Nicholas Blake (pseudonym of Cecil Day-Lewis, Poet Laureate) was, as one would expect, both a superb writer and a superb detective writer. With Ngaio Marsh and Margery Allingham, he was one of the writers most responsible for continuing the work started by Anthony Berkeley and Dorothy L Sayers, and turning the detective story into the detective novel, with an emphasis on characterisation and psychology. He is unquestionably the darkest and most profoundly incisive of those writers, and in his awareness of and sympathy for human weakness, and concern with guilt and innocence, in many ways anticipates PD James.

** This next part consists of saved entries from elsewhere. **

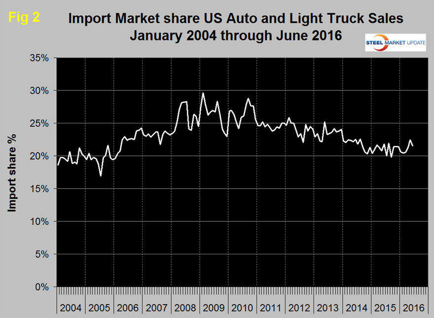 In June auto sales were 6.8 million units down from 7.1 million in May as light trucks declined from 10.3 million to 9.9 million. The mix was 59.3 percent light trucks which includes crossovers and 40.7 percent autos. In the last three months the percentage of light trucks in the mix has been >59 percent for the first time since the summer of 2005. All the major suppliers, except Land Rover and Volvo, experienced sales declines in June. GM was down by 2.0 percent, FCA was down by 10.7 percent and Ford was down by 6.2 percent. Economy.com believes that based on fundamentals, light vehicle sales should be about 16.5 million units. The June data brings light vehicle sales closer to that number. Through the end of the year, sales will likely continue in a downward direction. However, accommodative interest rates and rising incomes will help to cushion the blow as vehicle demand moves back to being driven by fundamentals, rather than pent-up demand. Import market share in June was 21.6 percent, down from 22.4 percent in May (Figure 2).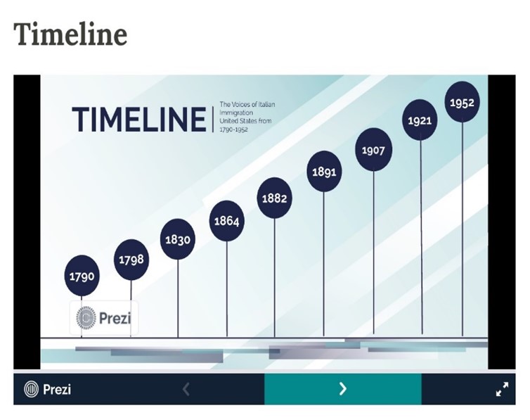 Para las líneas temporales de la inmigración en Estados Unidos y Argentina, experimentamos con colores y herramientas comunicativas. Finalmente, decidimos que Prezi —fácil de utilizar en cualquier idioma— sería la plataforma secundaria interactiva (imagen 3). En el futuro, Prezi será también utilizado para crear los árboles genealógicos.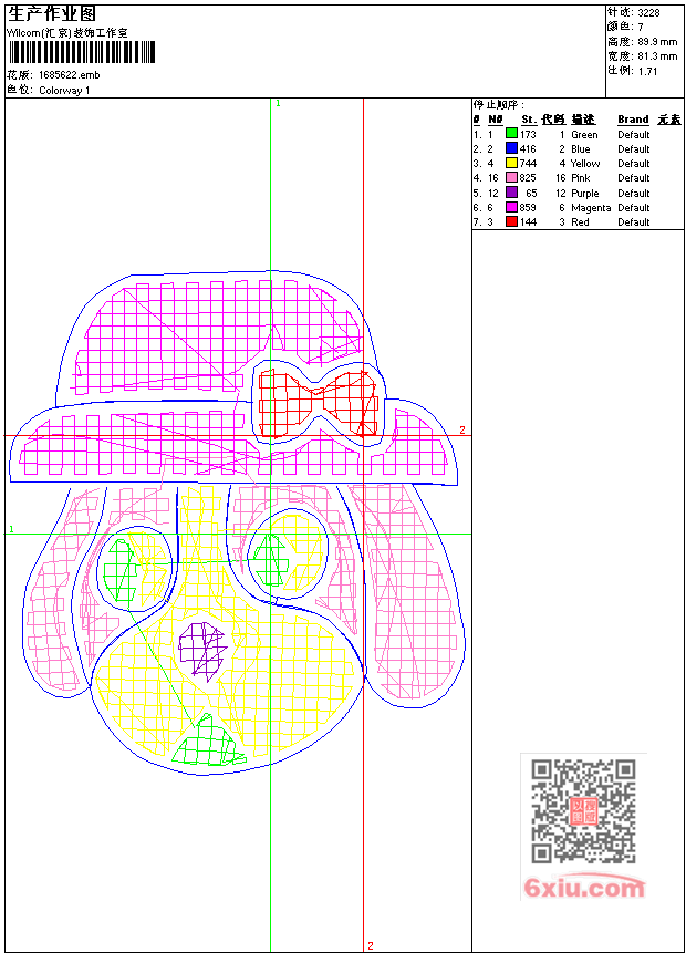 - 版带文件需绣花软件方可打开,可配色打印导出各种格式或直接上机绣。如无绣花软件可下载1:1模拟效果图。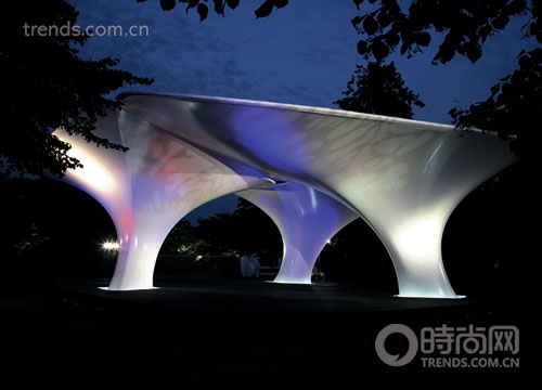扎哈·哈迪德在倫敦設計的0Serpentine美術館展臺,由三座傘狀結構組成。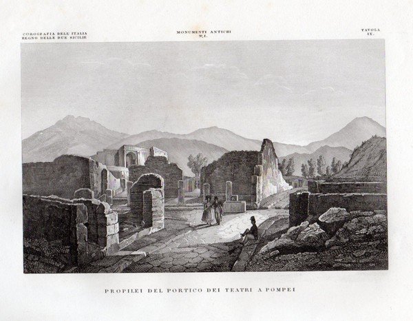 POMPEI - "Propilei del Portico dei Teatri" Interessante documentazione degli scavi effettuati fino al 1845 e dello stato degli edifici.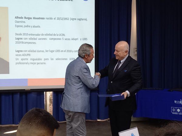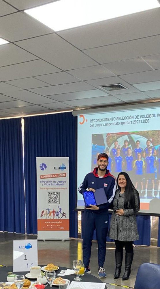 En la oportunidad, se entregó un reconocimiento al profesor Alfredo Burgos, entrenador de la selección de voleibol, por su trayectoria, constancia y entrega. Además, se galardona al capitán del equipo Yordan Araya Farías, estudiante de personal trainer, federado por la selección de voleibol nacional y quien, junto a su equipo, obtuvo bicampeonato en las Liga Deportiva de Educación Superior (2019) y este primer semestre 2022, el 3er lugar en la misma competencia de la LDES.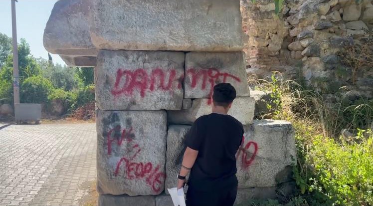 Bursa’nın İznik ilçesinde 2 bin yıllık tarihi surlara sprey boya ile yazılan yazılar tepki çekiyor.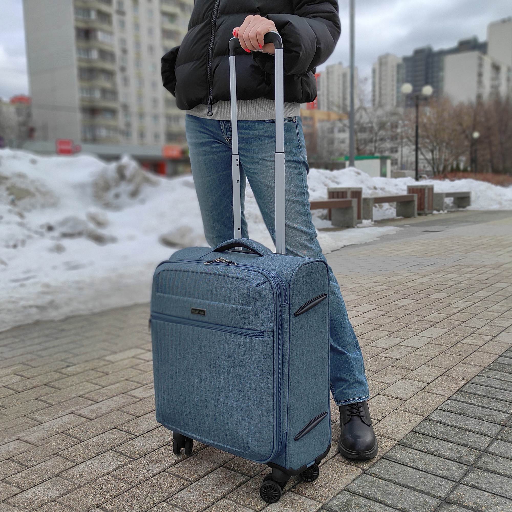 Стильный чемодан модной расцветки имеет в наличии две ручки для переноски сбоку и сверху чемодана, а также выдвижную ручку- тележку. Чемодан имеет 4 двойных колеса с подшипниками, которые вращаются на 360 градусов, это делает чемодан очень маневренным и позволяет легко перемещать багаж.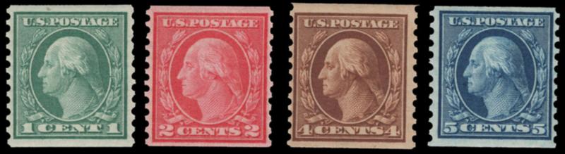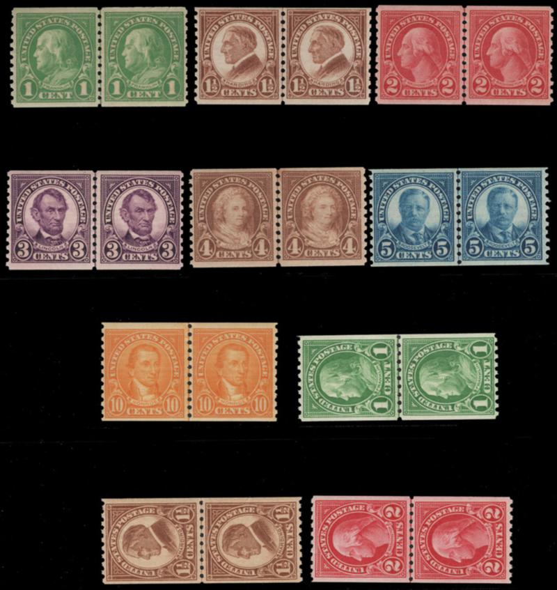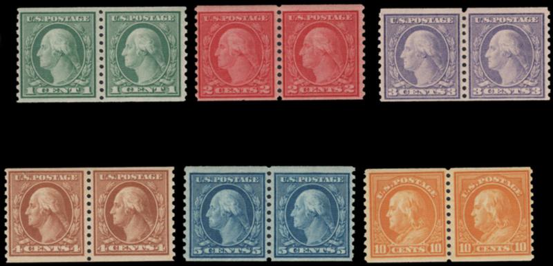 WASHINGTON-FRANKLIN COIL PAIRS MINT NEVER HINGED, #390//497, incl. five mint never hinged pairs of each, incl. nos. 390, 441-42, 448 (only four pairs), 486, 486 line pair, 489, 490, 492, 405, 496 and 499, fresh and attractive, fine-very fine, cat. $1,850.00 (Image)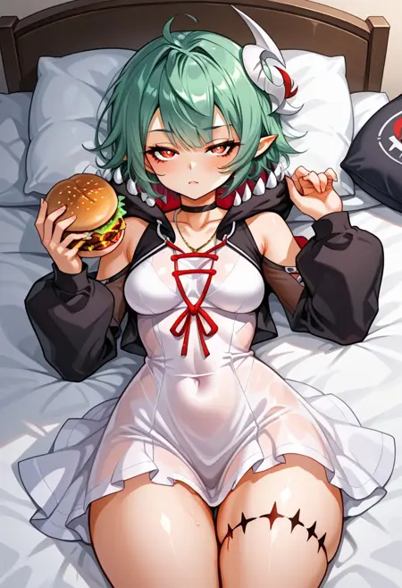 | 训练词汇 | NoahBrown, short green messy hair, red eyes, single white horn, horn over ear, single leg tattoo, stigmata tattoo已复制! official outfit, personal dress outfit, Rogue Demon Noah已复制! official outfit, skin-tight bodysuit outfit, Taimanin suit Noah已复制! official outfit, idol clothes outfit, idol Noah已复制! official outfit, ritual clothes outfit, Oni Princess Noah,已复制! |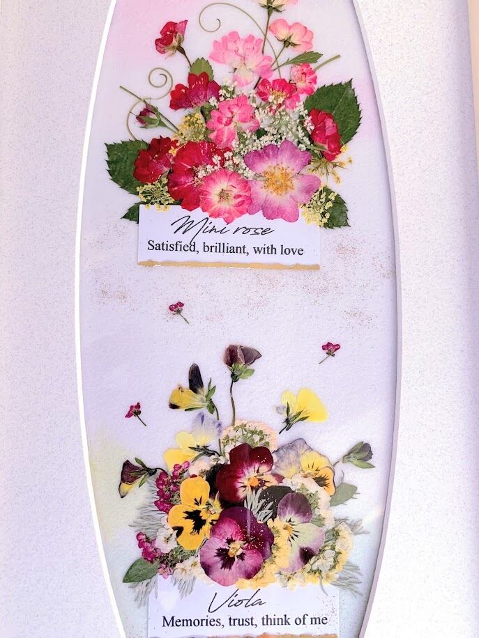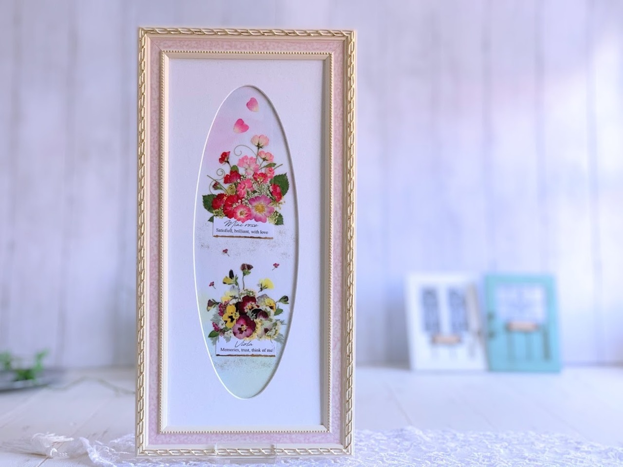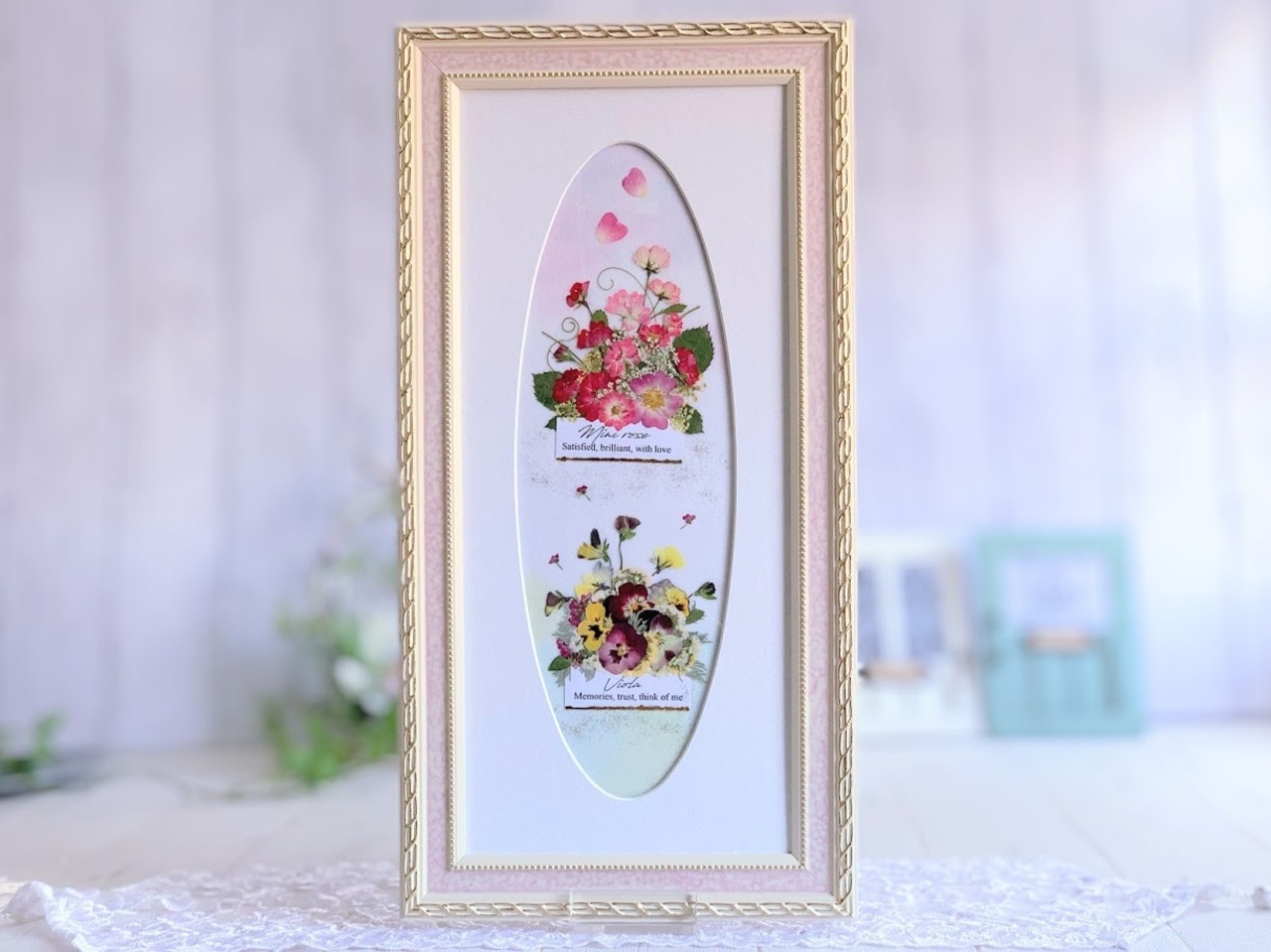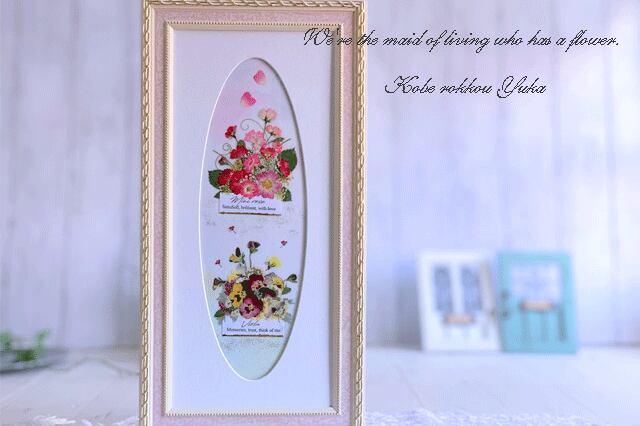 淡いピンクのかわいいフレームの中に小さなミニバラとビオラをデザインしました。
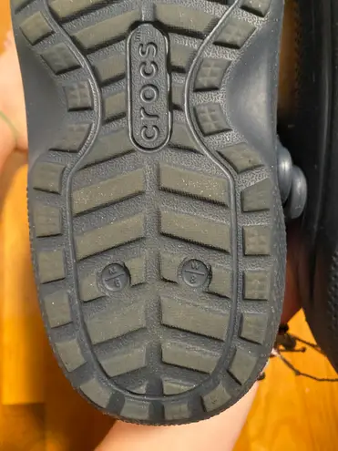 Worn but still in good condition. Women’s 8 men’s 6. Dark blue/ navy color with gray fuzzy inside.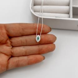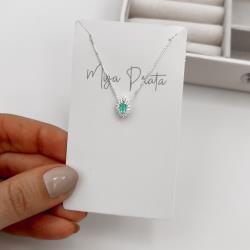 Colar zircônia navete turmalina com cravejado 10mm 45cm | Mya Prata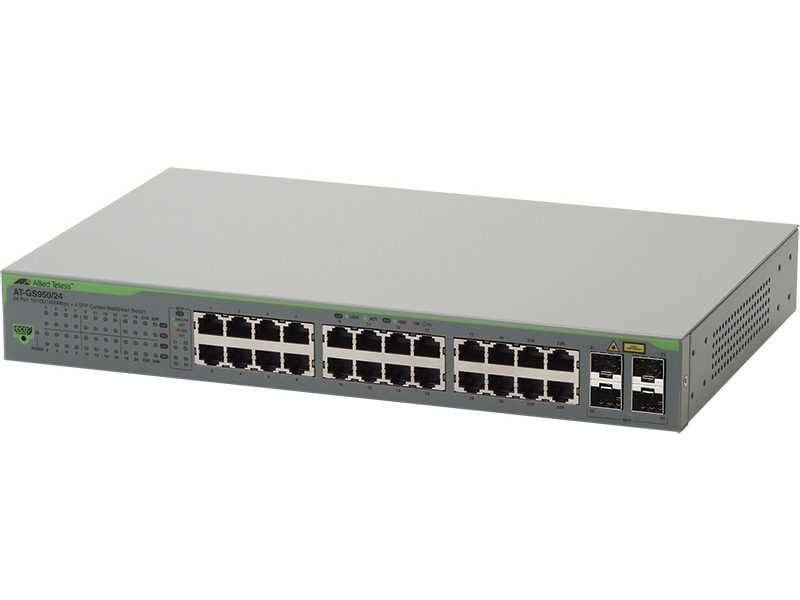 AT-GS950/24-N5(RoHS対応)は、10/100/1000BASE-Tポートを24ポート装備したギガビットイーサネット・スマート・スイッチ(アカデミック:デリスタ保守5年付)です。10/100/1000BASE-Tポートのうち4ポートがSFPスロットとのコンボポートになっています。Web GUIを実装し、Webブラウザーを利用した保守・管理が可能です。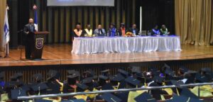 Además, de la Licda. Eunice Valera Tena, vicerrectora académica, Dra. Quenia Nolasco, directora de registro; Lic. César Pérez, director nacional de Extensiones Bíblicas-teológicas; y Janel Encarnación, Coordinador Nacional de Educación Permanente. Martín Mármol, presidente de la Junta Educativa; Juan Antonio Encarnación, Obispo del Caribe Hispano; Yony Samuel Paredes, Enlace de Educación; y el Dr. José Antonio Chery, orador principal de la graduación.

Like James and Allingham, many of his books are an insider's look at institutions he knew well: public schools ( A Question of Proof , 1935), the civil service in WWII ( Minute for Murder , 1947), and the publishing industry ( End of Chapter , 1957). All of his characters, whether sympathetic or not, are individuals, with a great capacity both for good or evil. Because of his interest in the psychological and social pressures which lead people to commit murder, the culprit in several books is obvious before the end, but this does not detract from the interest of the book as a novel. Instead, his novels are highly rereadable for that very reason.

As a detective writer, Blake was strongly influenced by Agatha Christie. The mysteries are always solidly constructed, with a handful of suspects, all with strong motives, misleading clues, and fake alibis. The detective in many of his novels is Nigel Strangeways, an Oxbridge-educated professional detective, halfway between the professional sleuth and the amateur. He works closely with Inspectors Blount and Wright of Scotland Yard, and meets the two women in his life during his investigations: his wife, explorer Georgia Cavendish, in Thou Shell of Death (1936), and, after her death in the Blitz, his mistress, sculptress Clare Massinger, in another case, The Whisper in the Gloom (1954). He also becomes personally involved in many of his cases, often because he knows the suspects as friends, and on several occasions, when his sympathies are with the murderer, helps him to escape or to commit suicide.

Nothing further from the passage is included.